Technology must be understood in the context of its profitable use. Many books discuss management in a manner independent of the particular attributes of what is managed, and they discuss technologies without distinguishing between industry standards and arcane projects known only to eleven graduate students. There seems an almost inexplicable lack of treatment at the meeting ground where investment decisions must be driven by an assessment of the capability of the technology and the investment risk.
This book addresses the empty center between management and technologists. At one time, IBM mediated between technologists and management, and the empty center was not so dangerous. But now the center is empty in a time of rapid change. Organizations are floundering in architectural vacuums, without the skills necessary to make the transition to new technologies, and with no significant idea of the relative costs and profit potential of various systems' structures.
This book undertakes to define the center in which IT management and the technologist can meet. It hopes to provide a common view of the industry and its dynamics, a commonly held set of the key issues of IT and a shared view of the key technologies.
It also hopes to broaden the horizons of technologists so that they will understand how an area of specialty relates to the general system structure; how other technologies impact an area of specialty; how future developments in other areas may change the specialty by merging with it or requiring new functions; and how costs and benefits are viewed in the eyes of management.
Difficult decisions about content and balance must be made in such a book. The guiding principle is to focus on technology and those vendors operating at the enterprise level. The cost of this is a focus on IBM, Microsoft, Novell, DEC, Sun, AT&T, and others capable of being primary vendors, with a gloss over specialized vendors whose products will fill boxes in the blueprint. This is deeply unfortunate and a disservice to splendid companies like SynOptics, Cisco, 3Com, and Banyan, but there is no real choice if room is to be left to build the center with an artifact not unusably large.
The book assumes a level of computer literacy an IT manager would have merely by listening to vendor presentations. Technical people are less likely to hear these presentations. They tend to be even less informed about technologies not their own than their managers.
A sort of book within a book, The Basics Book provides supporting discussions for readers who can profit by a review of underlying principles and technologies. The boxes in the text provide commentary that may establish a basic principle, discuss a related topic not necessarily useful in the main flow, or explain a technical point beyond the interest of some readers. The reader can decide which boxes are useful. The book can be read without the boxes.

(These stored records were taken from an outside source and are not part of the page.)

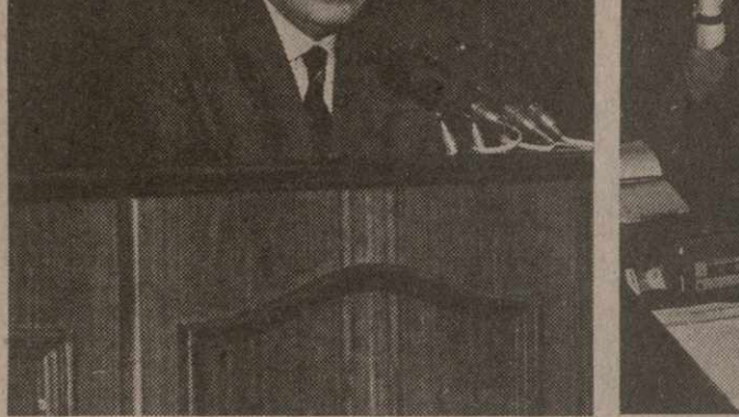
На снимках: во время пресс-конференции.

РАДИО ЭСТОНИИ: Батоно Звиад, если можно, задам такой вопрос. Год назад в интервью радио Эстонии Вы связывали создание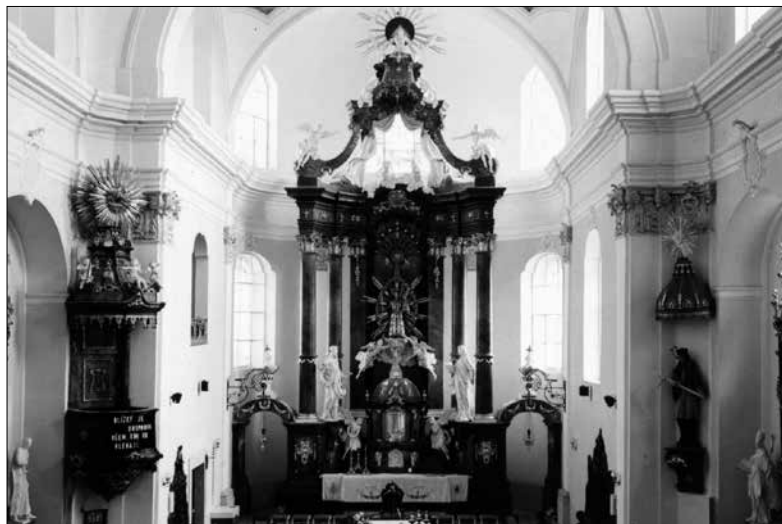
Obr. 2: Interiér chrámu Nanebevzetí Panny Marie v Jevíčku, pohled do presbytáře na hlavní oltář.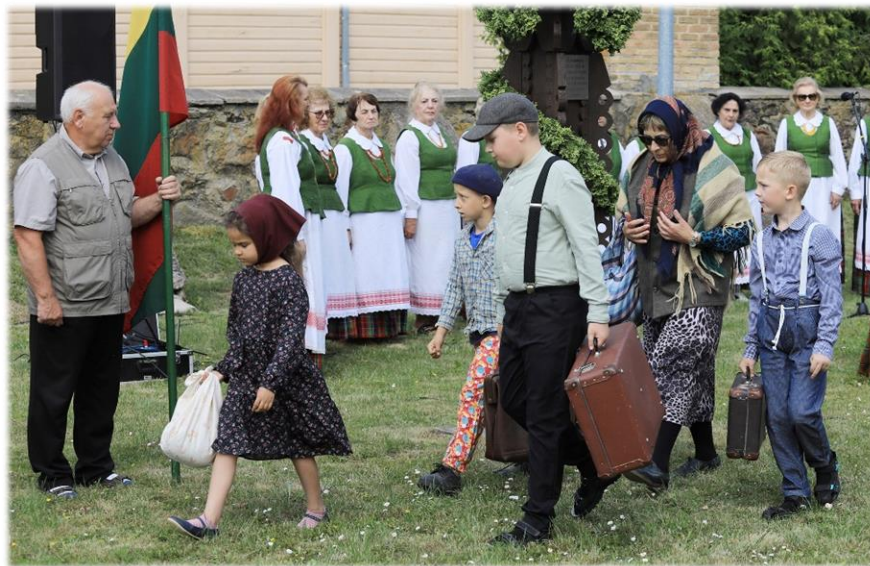
18 pav. Gedulo ir vilties diena Deltuvoje

- Liepos 6-ąją – Valstybės (Lietuvos Karaliaus Mindaugo karūnavimo) dieną Tautiškos giesmės giedojimas Deltuvoje (Žr. 19 pav.);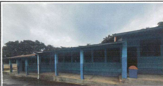
Foto N 5: Salones del lado izquierdo, segundo, cuarto y sexto grado.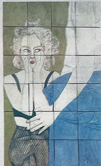
Sencillez y pulcritud, combinación armoniosa de colores con dosis de creatividad.

Esta artista trata sus piezas con sencillez y pulcritud; combina armoniosamente los colores con una acertada dosis de creatividad donde se ha operado una interesante simbiosis de forma y fondo en la noble materia del barro. Dominadora de su técnica logra darle calidad a sus obras de imágenes construidas con planos de colores delimitados en áreas cerradas por la línea del contorno o con trazos incisivos bordeando las figuras.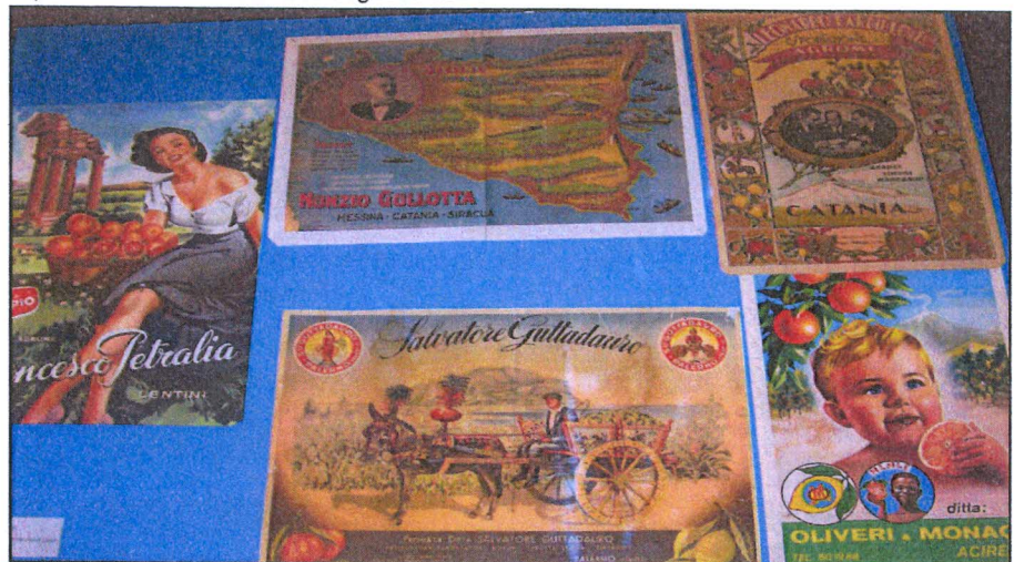
1940-1950: Carte veline (usate per avvolgere gli agrumi da vendere o da esportare).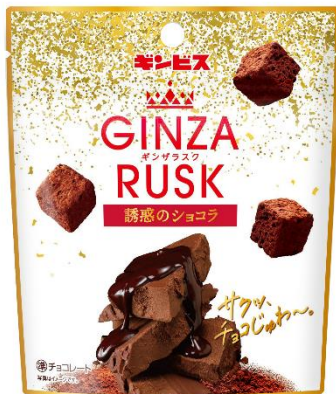
GINZA RUSK 誘惑のショコラ

There is no shortage of books on operating systems, communications, distributed computing, etc., of which this author is himself culpable, but there is little integration of the technology, market, and economic factors that can define a meeting place for management and technology.

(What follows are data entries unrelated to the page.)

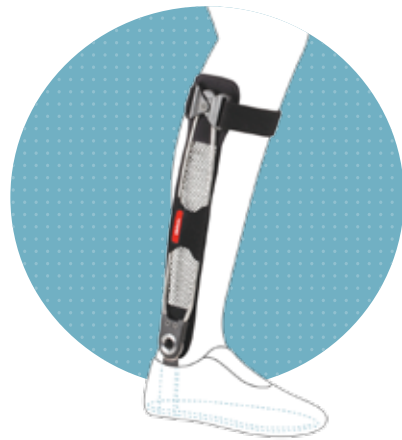
Agilium Freestep Classic

Door het gewricht te ontlasten komt er minder druk op uw knie. U kunt uw favoriete activiteiten weer oppakken en genieten! De Agilium Freestep verbetert direct uw levenskwaliteit.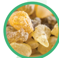
Boswellia Serrata ( Incenso indiano ) przeciwzapalnie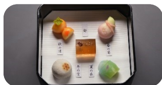
和菓子作り体験& 美味しい政所茶の入れ方講座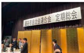
6月1日越谷市自治会連合会定期総会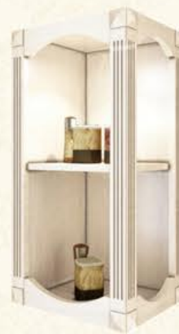
编号 MG12 尺寸 宽450/350/400*深350*高800 罗马柱型根据当页罗马柱 工艺配套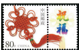
图2《同心结》个性化服务专用邮票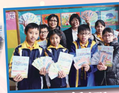
我們都是「理財至叻Kid」。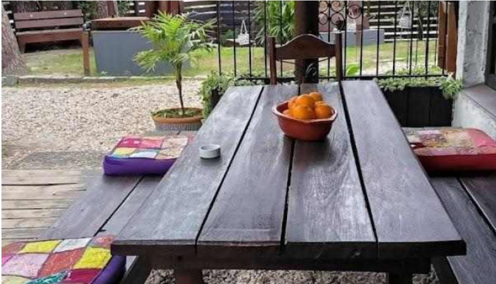
Araza resto ciudad de la costa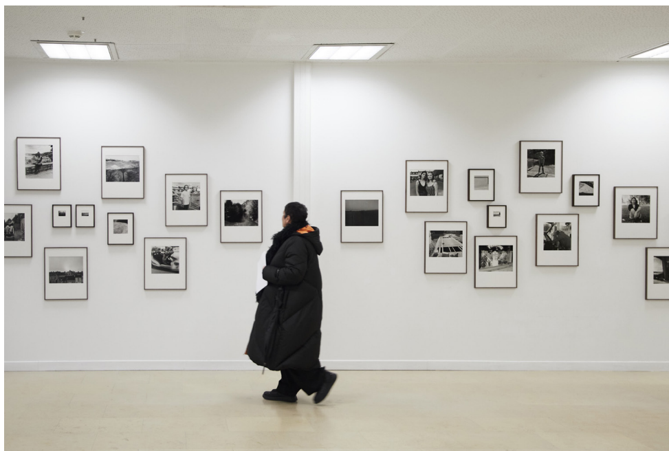
Pascal Amoyel - PhotoSaintGermain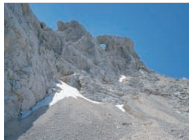
Slabo voljo odpihne skozi okno.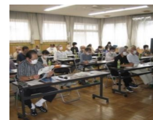
健康講演会の様子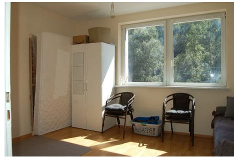
11 Zimmer EG.JPG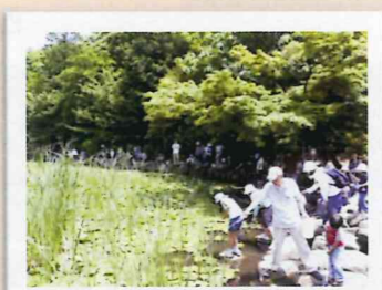
2010年 上の池、ザリガニ釣り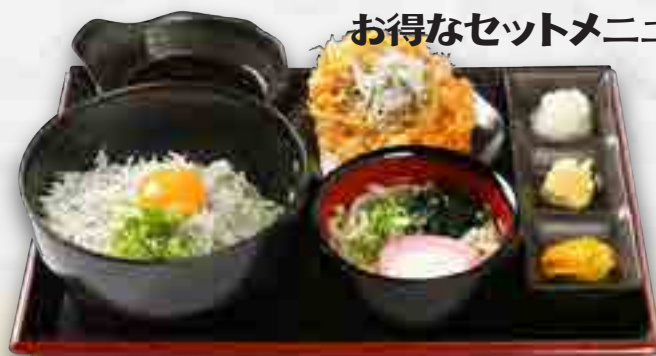
しーらすスペシャル御膳 1,680円 (Wしらす丼・小うどん・しらすかき揚げ・漬物)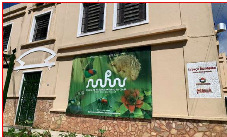
Figura 1 - Prédio do Museu de História Natural do Ceará Prof. Dias da Rocha, localizado no Centro do município de Pacoti-CE.

O Museu de História Natural do Ceará Prof. Dias da Rocha (Figura 1) está localizado na região serrana do Maciço de Baturité, na cidade de Pacoti-CE (-4.226449, -38.922818), alocado no Campus Experimental de Educação Ambiental e Ecologia da UECE (CEEAE), a cerca de 100 km de distância da capital.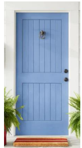
Blue book (prácticas)

The book has many sources. Primarily, it comes from the efforts of the IBM Systems Research Institute. The Institute tried (apparently unsuccessfully) to draw the attention of IBM professionals and managers to changing technologies and new industry dynamics and the risks and opportunities for IBM. It also comes from my experience with the needs and activities of graduate students in Computer Science at Hofstra University. They remind me that, behind the white papers, strategy statements, and statements of direction, people are trying to develop systems in a world independent of the hype.
Some material comes from my work with clients concerned with strategy and risk issues, from participation in technology start-ups, and from professional seminars developed with various organizations, including IBM, Hewlett-Packard, MTS in the U.K., and other organizations in Australia, Italy, and Germany.